El choque inesperado con una realidad teatral que siembra el trastorno
dentro de mí lo viví varias veces durante mi aprendizaje.
Permanecen indelebles en mi médula y en mi cerebro "La
madre" de Gorki-Brecht en el Berliner Ensemble, un espectáculo
Kathakali en la húmeda noche india, "El príncipe
constante" de Grotowski.
De manera igualmente imprevista e involuntaria he experimentado
y continuo experimentando el Desorden en el trabajo con mis actores.
Desde los primeros años ciertos diseños de sus acciones
físicas y vocales, a base de ser repetidos y refinados, saltaban
hacia otra naturaleza o realidad de ser.
Lo he constatado personalmente: procedente de un más allá
que no sé dónde está ni qué es, en mi
arena de gallos emerge un cuerpo más denso, incandescente
y luminoso que los cuerpos que poseemos. Este cuerpo-en-vida irrumpe
sin preocuparse del buen o del mal gusto, por la conjunción
de la causalidad y del oficio, o a causa del carácter imprevisto
en un elaborado cálculo.
El teatro ha constituido para mí -hoy me doy cuenta con claridad-
una herramienta preciosa para hacer incursiones en zonas del mundo
que parecían lejos de mi alcance. Incursiones en las tierras
ignotas que caracterizan la realidad vertical o espiritual del ser
humano. E incursiones en el espacio horizontal de las relaciones
humanas, de los ámbitos sociales, de las relaciones de poder
y de la política, en la viscosa realidad cotidiana de este
mundo en el que vivo pero al que no quiero pertenecer.
Todavía hoy continúa fascinándome el hecho
de que el teatro proporciona instrumentos, caminos y coberturas
para incursiones en la doble geografía: la que me circunda
y la que yo circundo. Por un lado el mundo externo, con sus reglas,
su vastedad, sus zonas incomprensibles y seductoras, su maldad y
su caos; por otro, el mundo interior con sus continentes y océanos,
sus pliegues y sus fecundos misterios.
¿Qué ha sido el entrenamiento de mis actores sino
un puente entre estos dos extremos: entre la incursión en
la máquina del cuerpo y la apertura de vados para la irrupción
de una energía que rompe los límites del cuerpo?

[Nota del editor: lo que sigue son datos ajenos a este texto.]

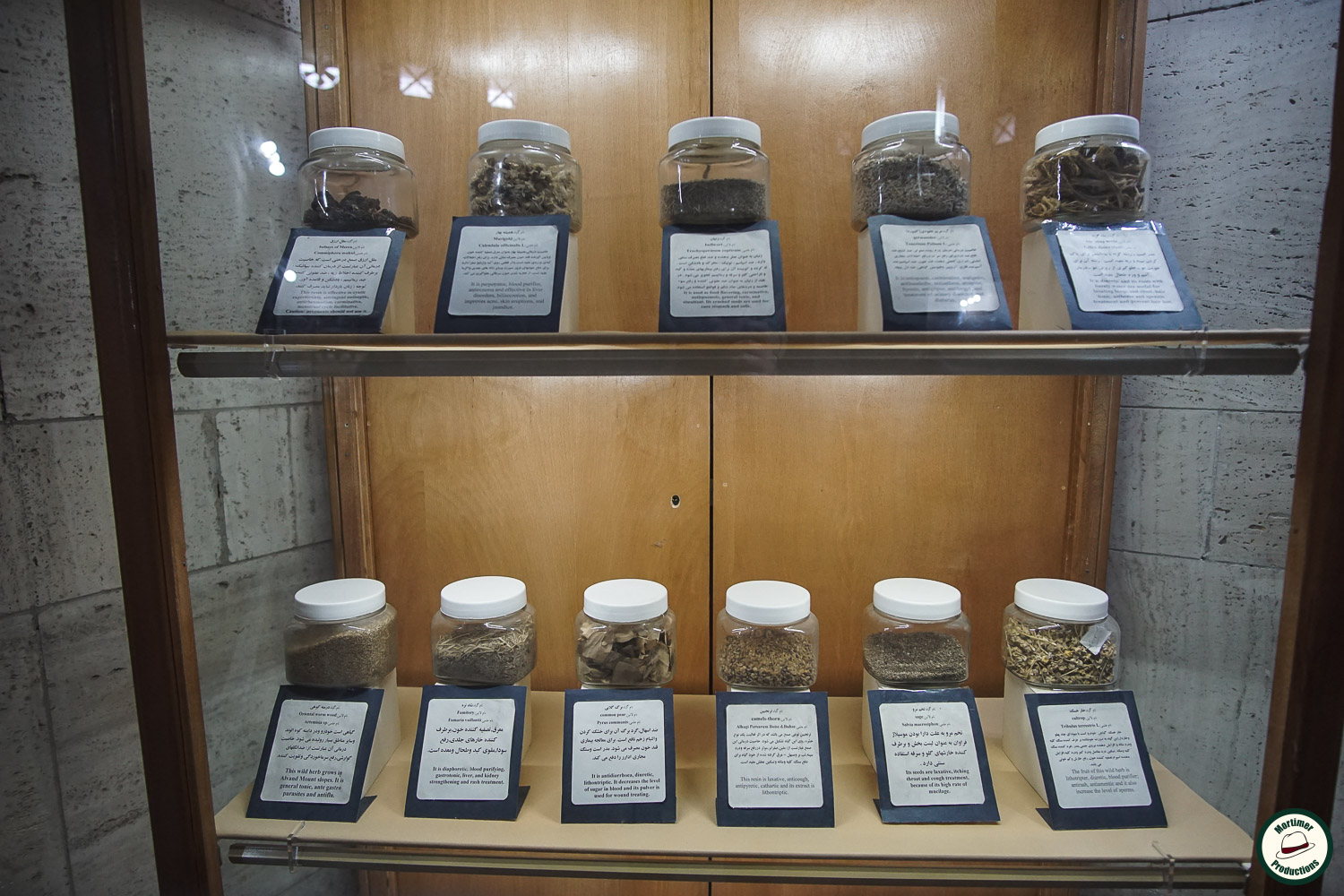 Nachdem wir unser Mittagessen hinter uns hatten, fuhren wir ein weiteres bedeutendes Mausoleum an. Die Grabstätte des, in Hamadan verstorbenen berühmten persischen Arztes Avicenna. Avicenna, der sich zu Lebzeiten selbst mit vielen verschiedenen Wissenschaften beschäftigt hatte, auch mit Kunst und Philosophie, war sowohl als Arzt als auch als Dozent tätig. In seiner Zeit am Hof in Hamadan wurde er sogar zum Wesir des Emirs ernannt. Das Mausoleum zeigt einige interessante Ausstellungsstücke und ließ uns erahnen, wie fortschrittlich Avicenna Medizin im elften Jahrhundert praktizierte. Es gab einige Lehrbücher zusehen, oder kleine Glasfläschchen verschiedener Größe und Farbe, welche als Medizinfläschchen dienten. Besonders beeindruckend war eine Sammlung von Kräutern und Naturheilstoffen, kategorisiert inklusive genauer Beschreibung von Anwendungsfall und Anwendung. Die Sammlung war selbstverständlich nachgestellt, aber es war beeindruckend wieviel Avicenna zu dieser Zeit über die Mittel, die ihm zur Verfügung standen, wusste und wie umfangreich die Sammlung verschiedener Arzneistoffe war. Einiges davon findet heute noch Anwendung.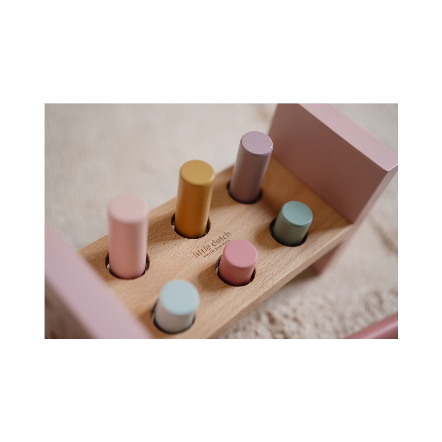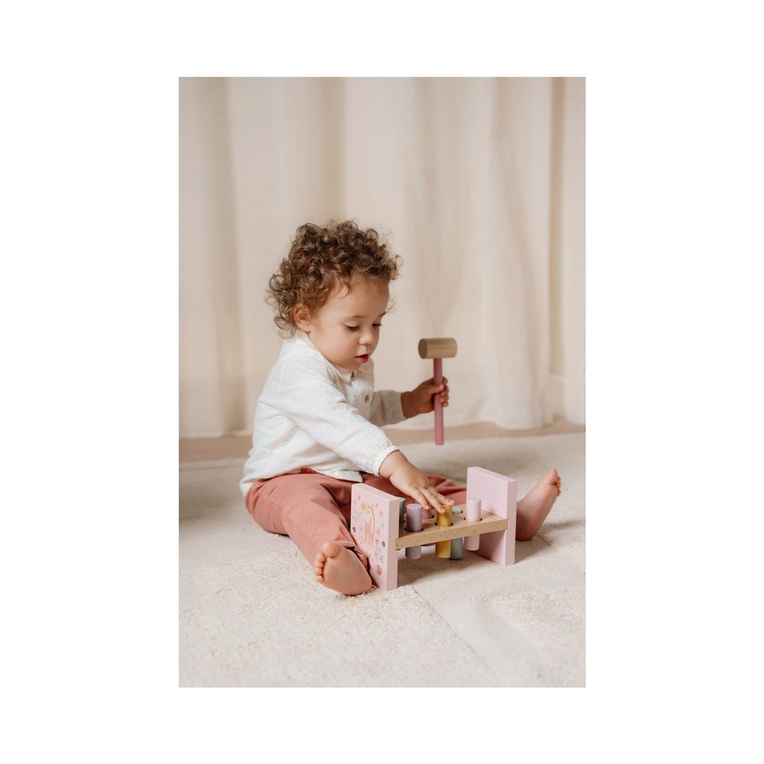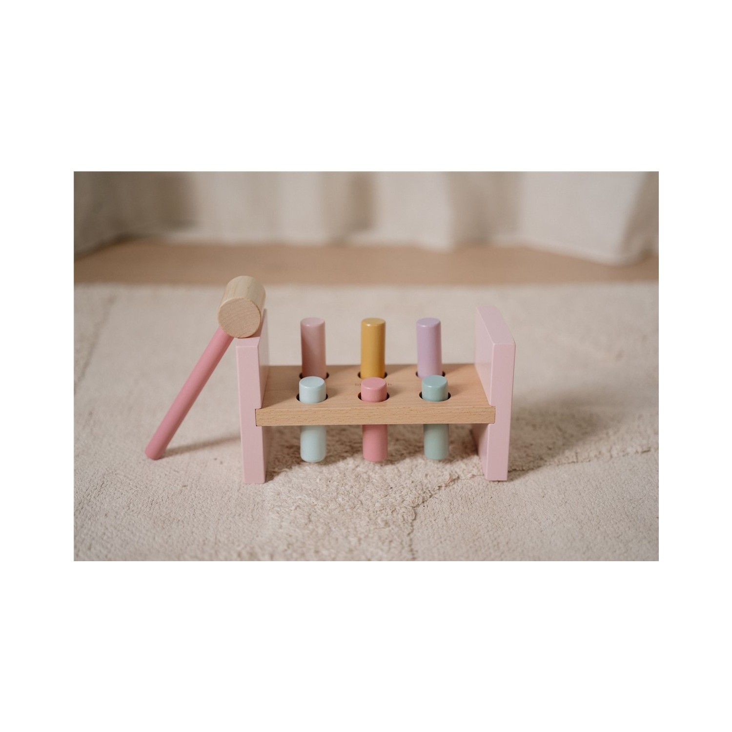 ¡Toc, toc, toc! Usa el mazo para golpear las 6 clavijas de colores en el banco de madera y explora la magia del Jardín de las Hadas. ¿Terminaste de golpear? ¡Gira el banco y comienza de nuevo! Este es un muy buen ejercicio para el desarrollo de las habilidades motoras que seguramente mantendrá a tu pequeño entretenido por un rato.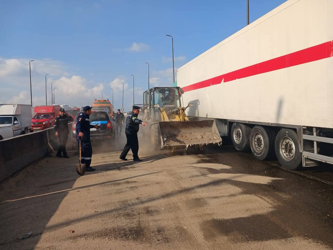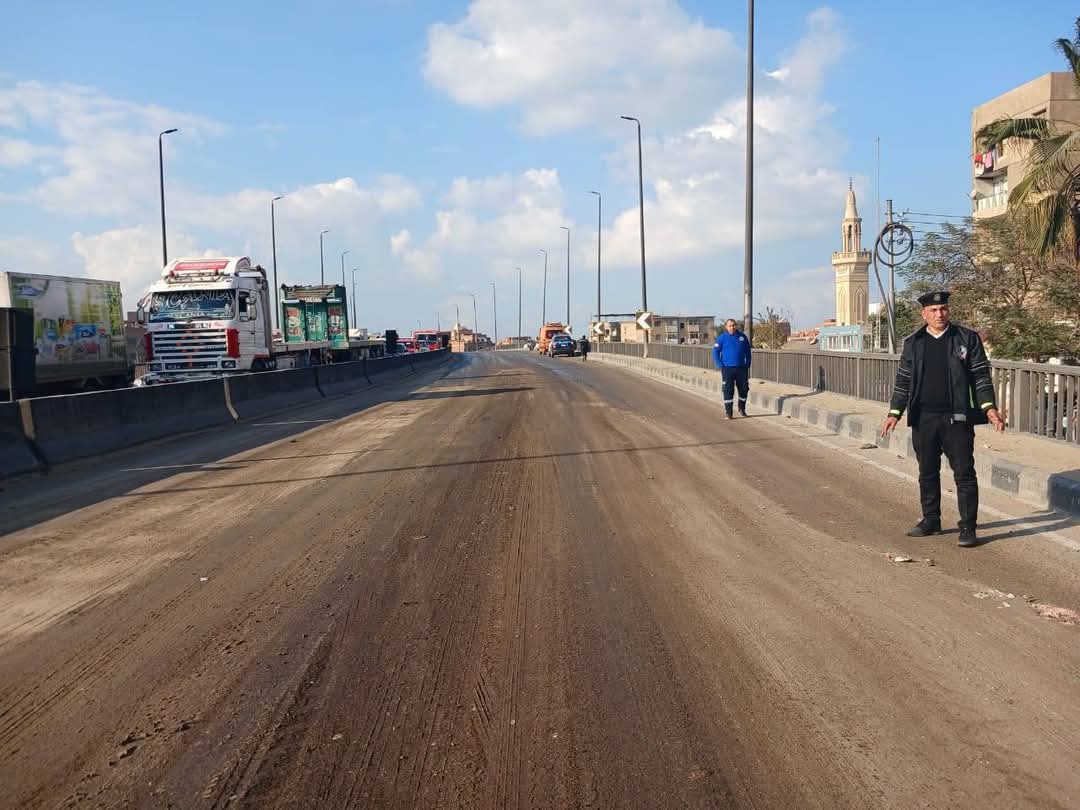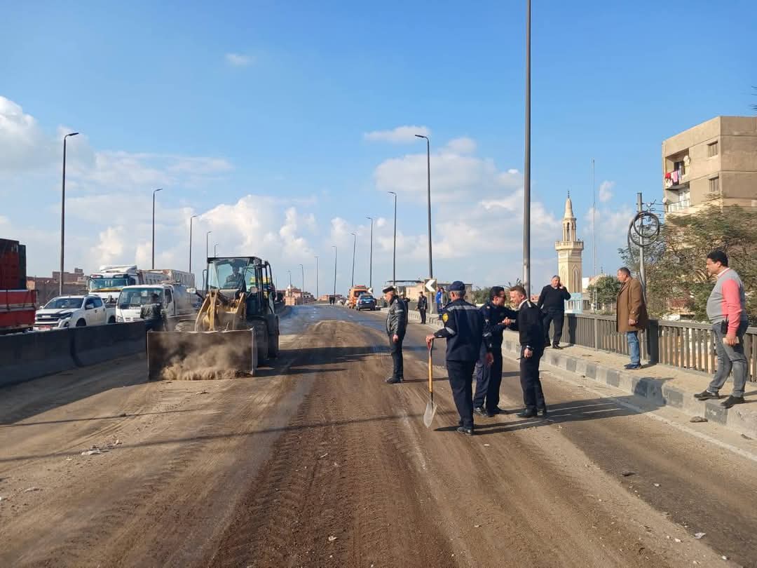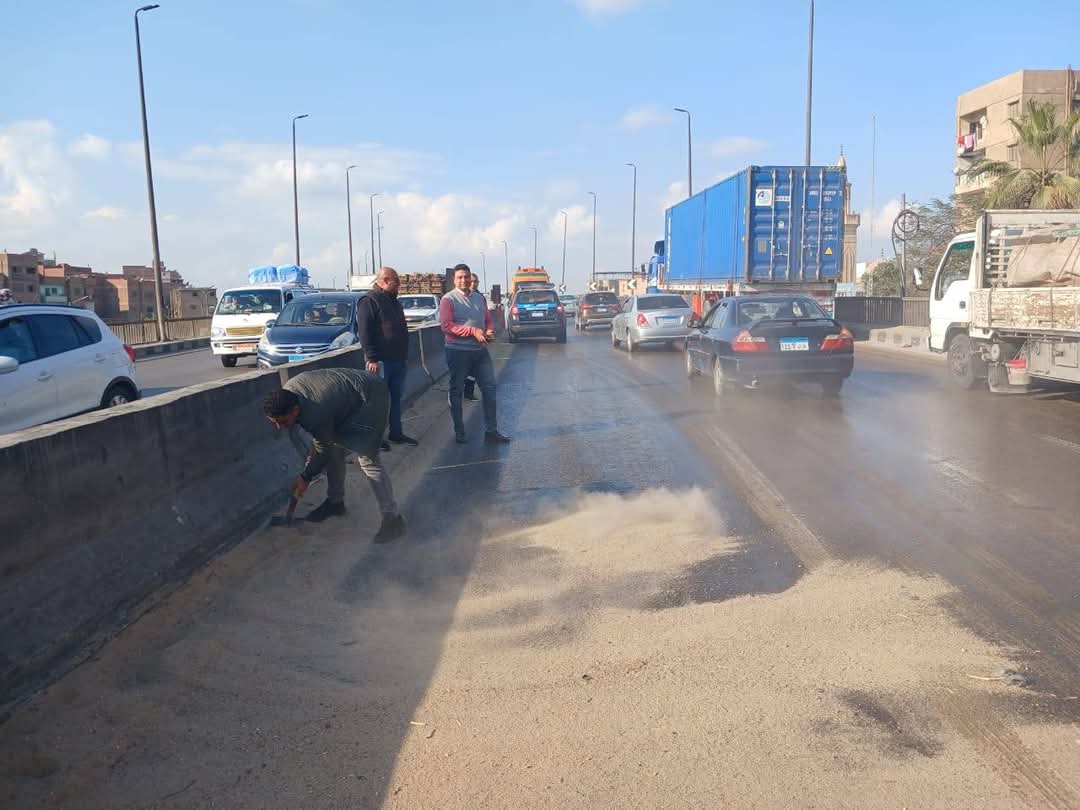 التعامل مع سقوط حمولة زيت على كوبري قويسنا بالمنوفية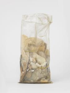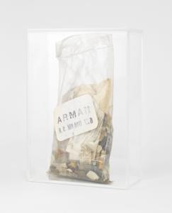 Poubelle de poche ou Poubelle de Milan, 1970, réalisée et distribuée à l’occasion du 10ème anniversaire du Festival du « Nouveau Réalisme » à Milan le 27 novembre 1970 pour la création du Nouveau Réalisme, accumulation de déchets de métro (billet, cigarettes, papiers, etc…) dans un sachet plastique scellé, impression à l’encre noire sur une étiquette à l’extérieur du sachet : ARMAN N.R. MILANO 1970, non signée, 28x14x4 cm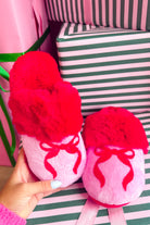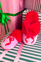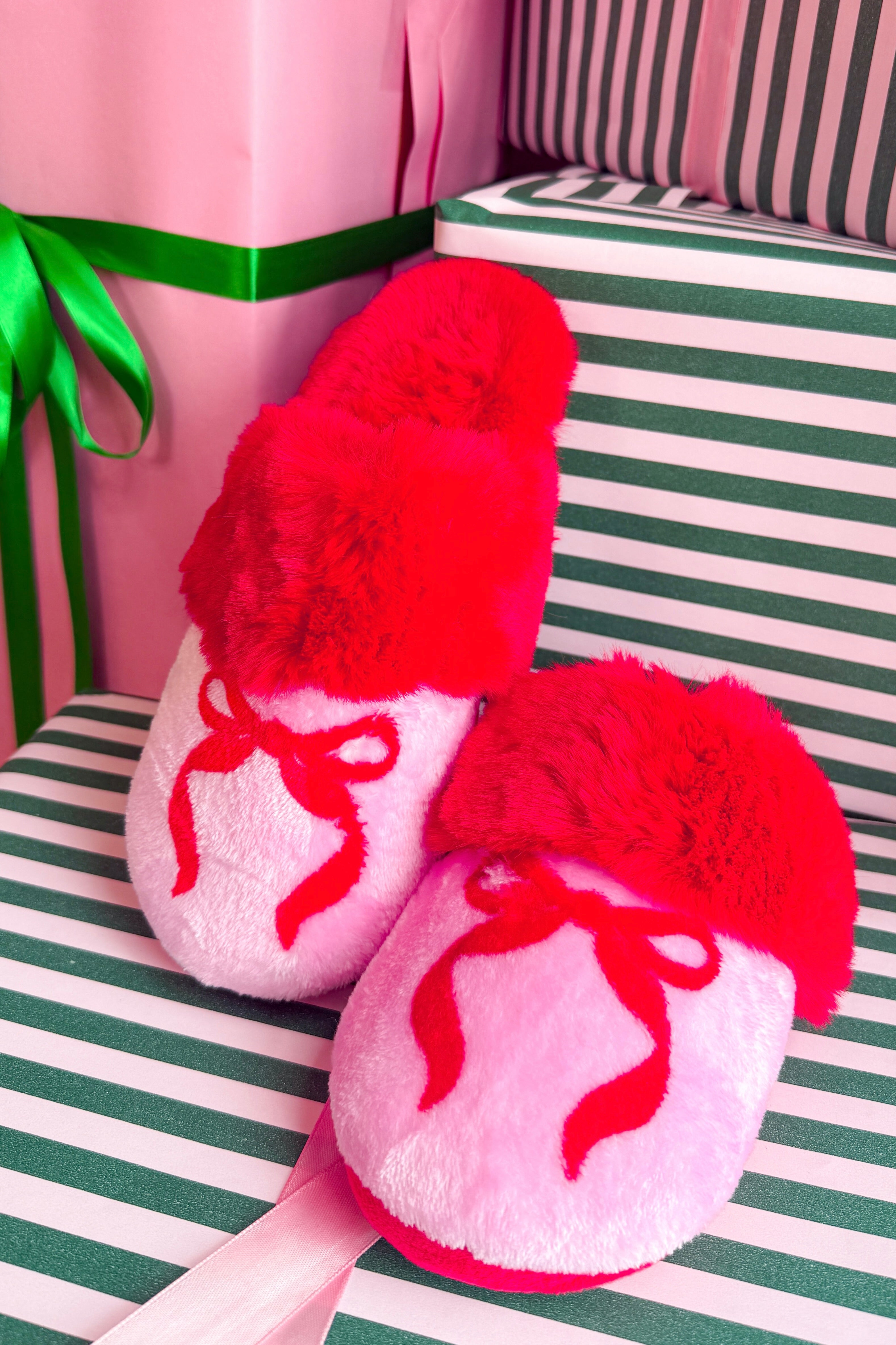 - Stay cozy and cute all season long in The Merry Bow Slippers. Featuring a soft pink base with plush red faux fur and bow detailing, these slippers are the ultimate holiday treat for your feet.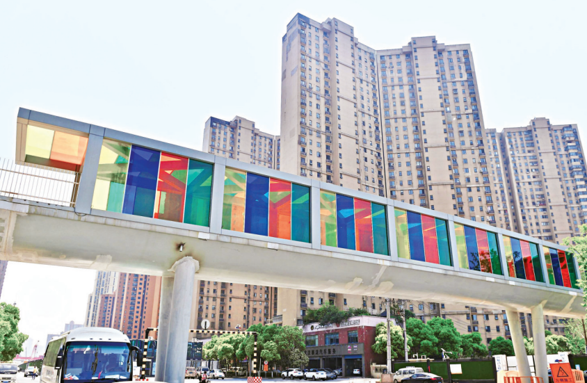 青山区园林路临江大道路口,一座镶嵌着彩色玻璃的天桥“横空出世”,像一道彩虹横跨在园林路上。与普通天桥不同的是,该桥的廊道两侧以及顶棚均安装有黄、蓝、橙、绿四种颜色的亚克力有机玻璃,在阳光下璀璨透亮。该桥预计今夏对市民开放。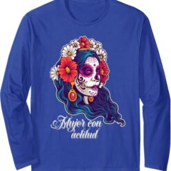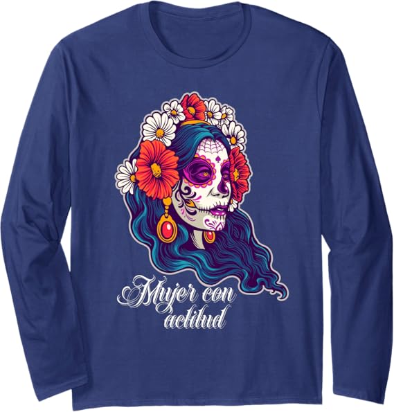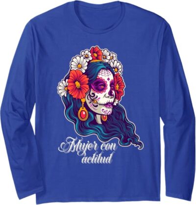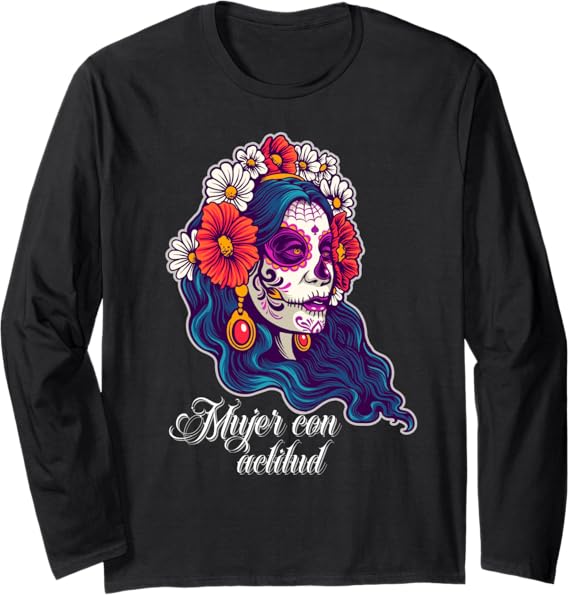 Mexican Sugar Skull Long Sleeve T-Shirt for Women and Girls – Mujer Con Actitud Design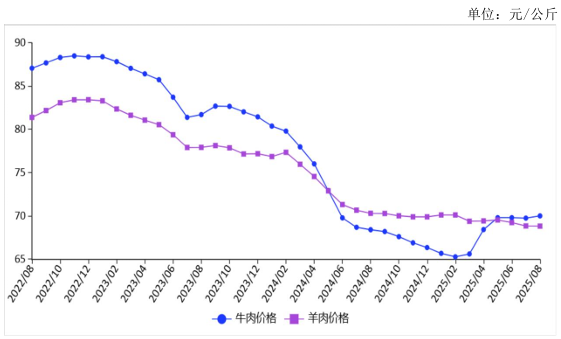 图表:2022-2025年8月牛羊肉价格走势图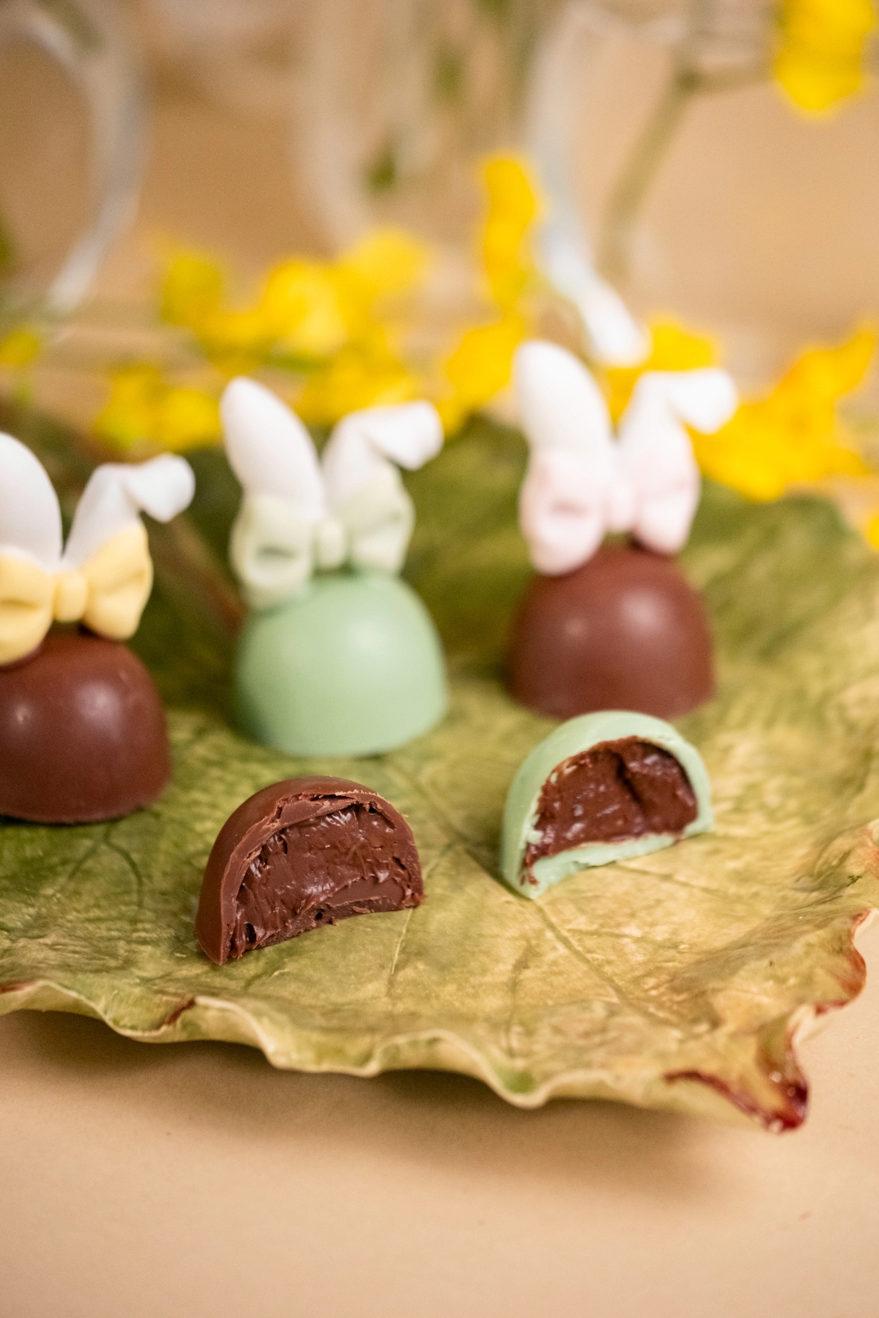 Bombom de ovomaltine verde com orelhinhas de açúcar | Páscoa 2026

El teatro es el oficio de la incursión, una isla flotante
de disidencia, un claro en el corazón del mundo civilizado.
Raramente, algunas privilegiadas veces, es también la turbulencia
del Desorden que confunde mi manera familiar de convivir con el
espacio y el tiempo circundantes, y a través del trastorno
me obliga a descubrir otra parte de mí.